## [Problem]
Everything from the line with "2009/5/22掲載 市教育委員会 委員長 大沢啓一(おおさわけいいち)さん" down to the line with "Izrađujemo namještaj po" below must be printed exactly, those two lines included. Exclude pictures.

## [Record set]
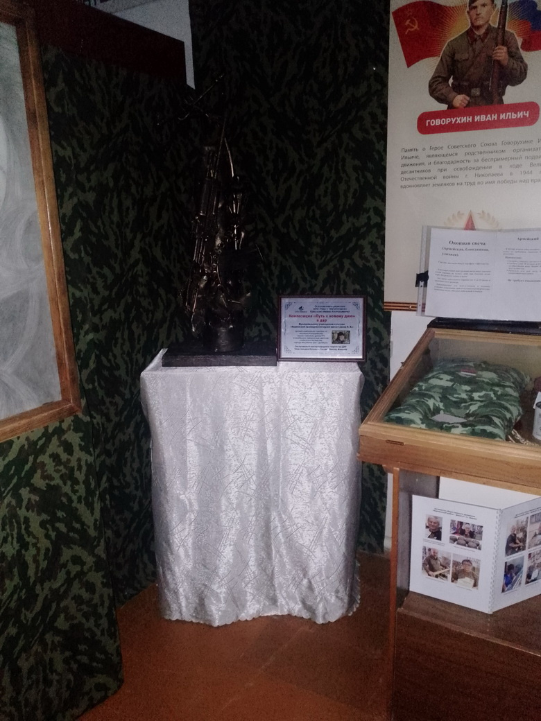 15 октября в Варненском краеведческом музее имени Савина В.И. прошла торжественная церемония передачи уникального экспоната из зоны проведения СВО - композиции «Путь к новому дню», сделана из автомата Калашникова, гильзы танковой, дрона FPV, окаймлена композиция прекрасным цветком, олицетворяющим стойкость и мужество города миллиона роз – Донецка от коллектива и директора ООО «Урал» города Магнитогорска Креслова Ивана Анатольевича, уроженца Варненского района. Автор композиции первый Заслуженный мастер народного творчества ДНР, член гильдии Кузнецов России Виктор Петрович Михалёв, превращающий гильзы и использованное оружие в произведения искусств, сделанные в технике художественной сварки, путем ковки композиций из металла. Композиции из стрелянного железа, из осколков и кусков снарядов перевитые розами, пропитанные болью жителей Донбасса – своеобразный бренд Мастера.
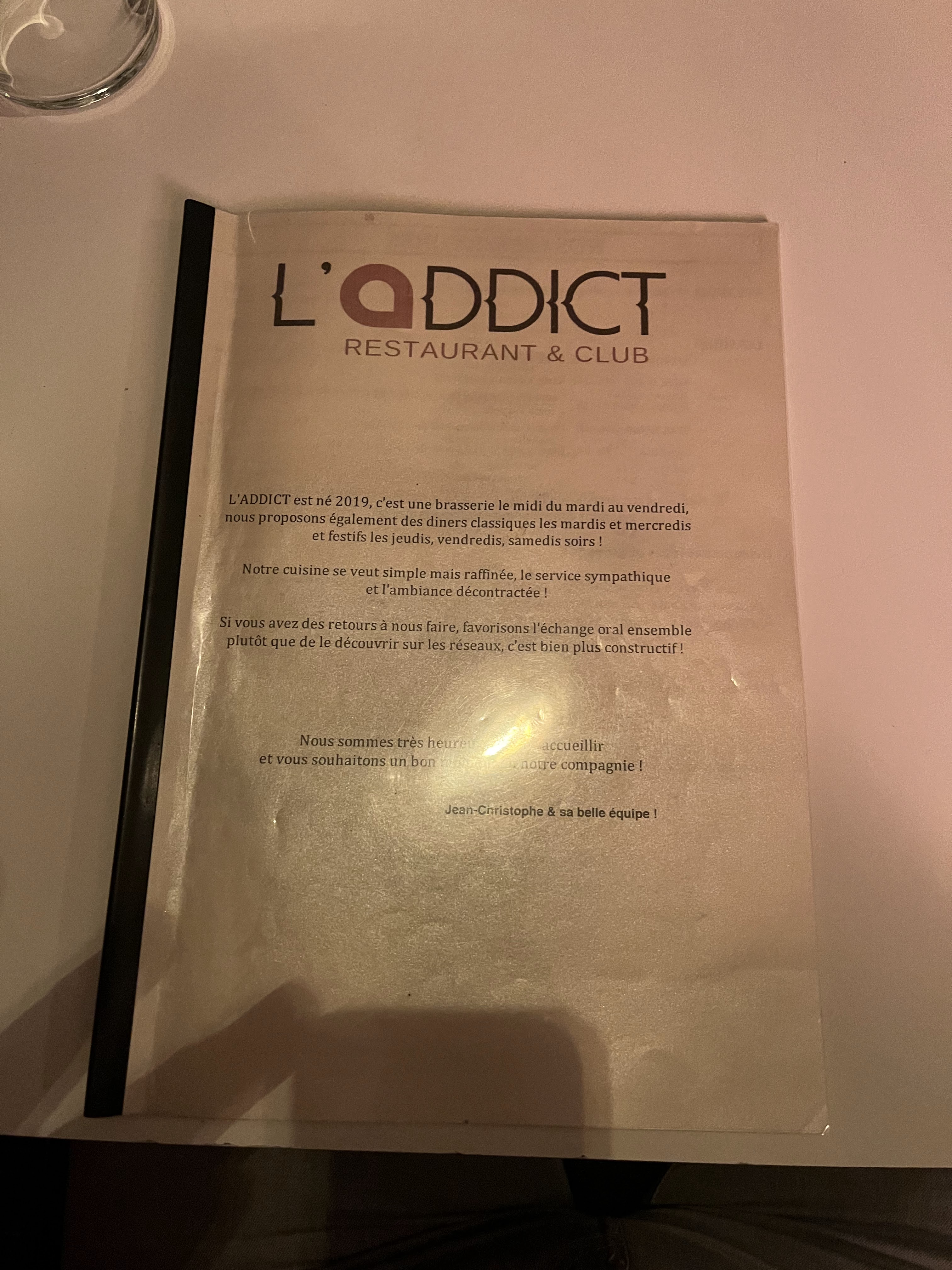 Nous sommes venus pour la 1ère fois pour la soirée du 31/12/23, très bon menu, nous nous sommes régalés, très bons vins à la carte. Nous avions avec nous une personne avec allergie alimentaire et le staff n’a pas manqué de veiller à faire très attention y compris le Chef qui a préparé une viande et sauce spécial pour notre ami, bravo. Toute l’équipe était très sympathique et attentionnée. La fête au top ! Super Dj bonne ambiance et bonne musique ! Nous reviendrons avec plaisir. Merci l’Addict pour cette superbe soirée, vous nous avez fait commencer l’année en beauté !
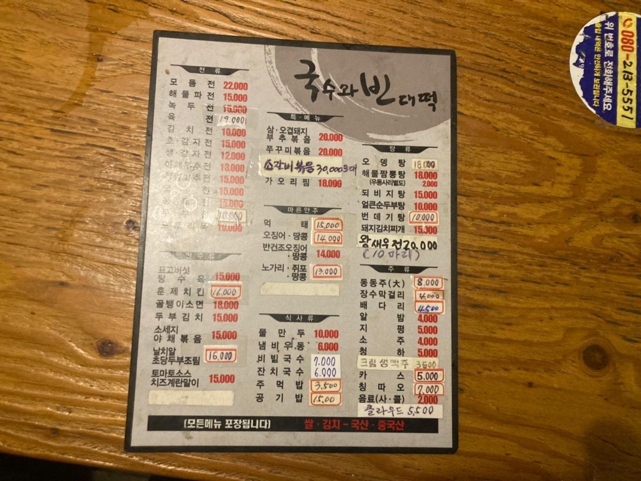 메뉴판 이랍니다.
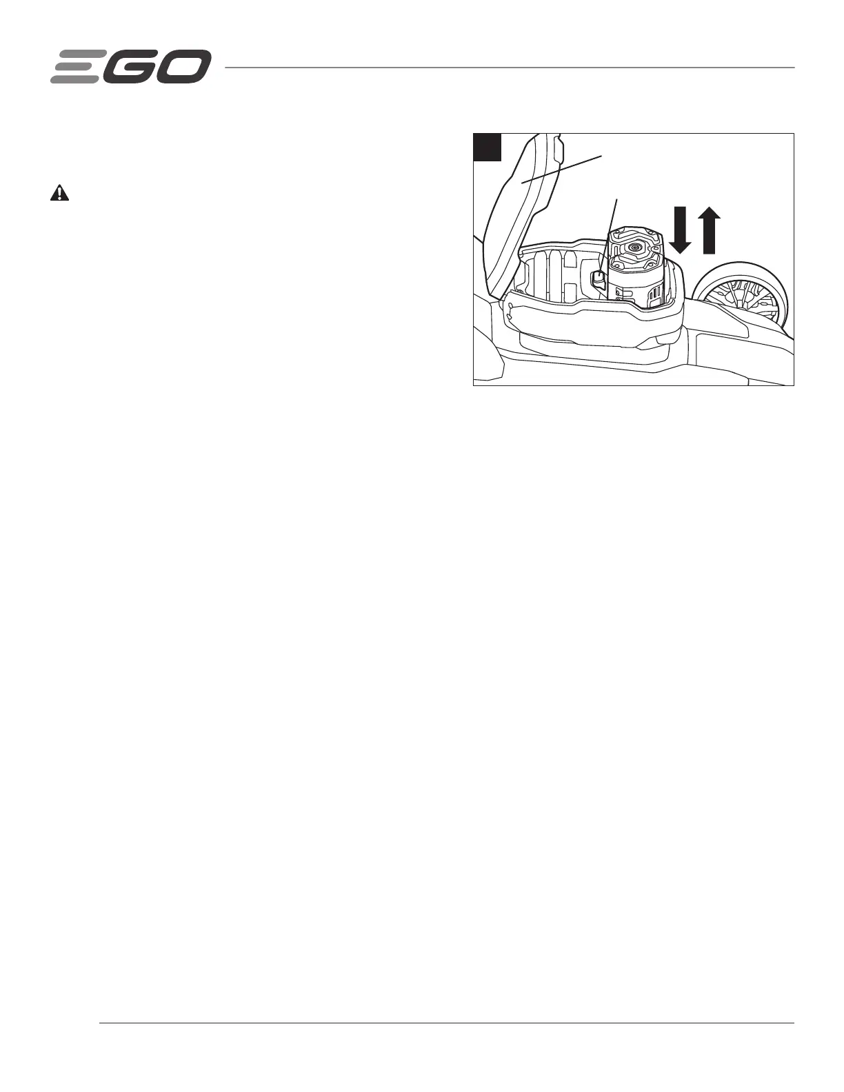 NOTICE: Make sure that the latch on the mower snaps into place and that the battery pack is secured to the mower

==

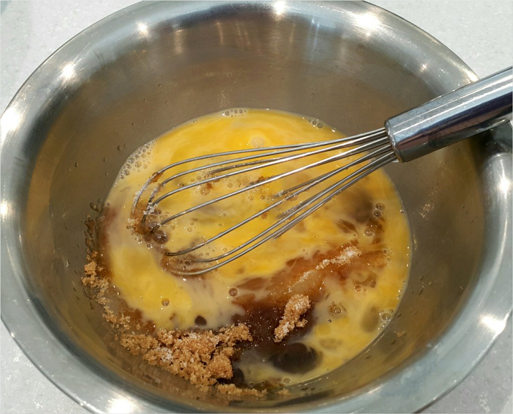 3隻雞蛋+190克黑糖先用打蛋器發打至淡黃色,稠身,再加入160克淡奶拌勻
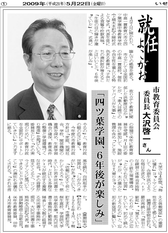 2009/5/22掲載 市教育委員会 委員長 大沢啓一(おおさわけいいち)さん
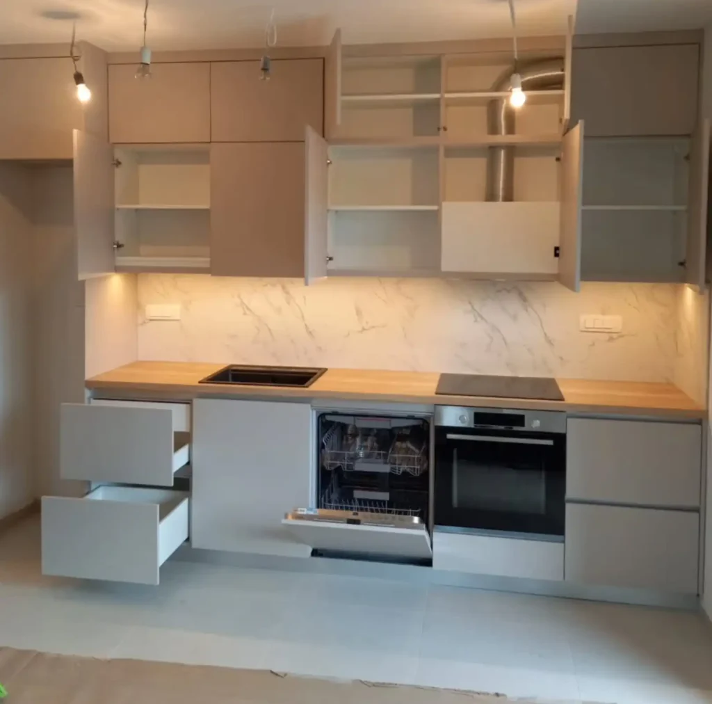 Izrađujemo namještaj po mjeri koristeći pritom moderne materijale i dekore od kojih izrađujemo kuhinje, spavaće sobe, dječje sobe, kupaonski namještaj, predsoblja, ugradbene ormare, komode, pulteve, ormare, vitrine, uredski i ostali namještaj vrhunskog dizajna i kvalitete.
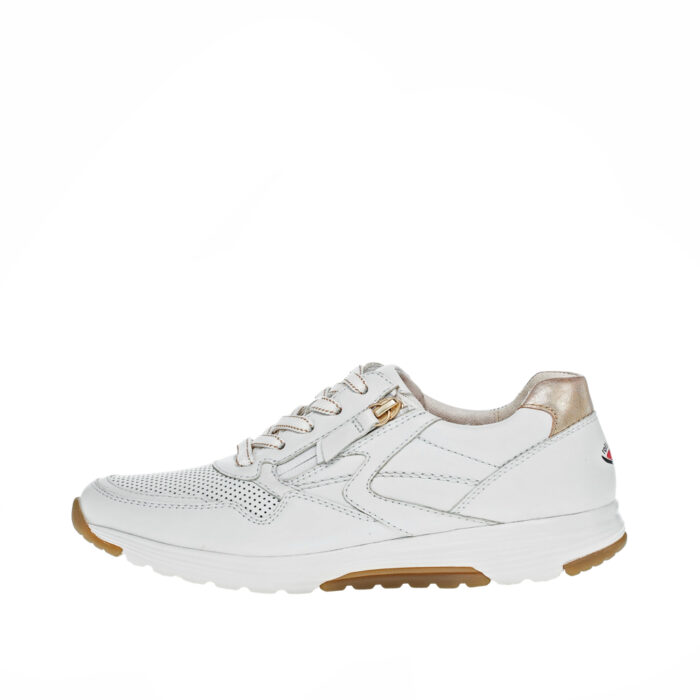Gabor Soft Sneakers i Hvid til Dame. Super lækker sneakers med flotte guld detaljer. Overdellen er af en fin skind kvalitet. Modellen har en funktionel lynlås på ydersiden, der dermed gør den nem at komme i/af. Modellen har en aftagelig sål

## [Task result]
 2009/5/22掲載 市教育委員会 委員長 大沢啓一(おおさわけいいち)さん
 Izrađujemo namještaj po mjeri koristeći pritom moderne materijale i dekore od kojih izrađujemo kuhinje, spavaće sobe, dječje sobe, kupaonski namještaj, predsoblja, ugradbene ormare, komode, pulteve, ormare, vitrine, uredski i ostali namještaj vrhunskog dizajna i kvalitete.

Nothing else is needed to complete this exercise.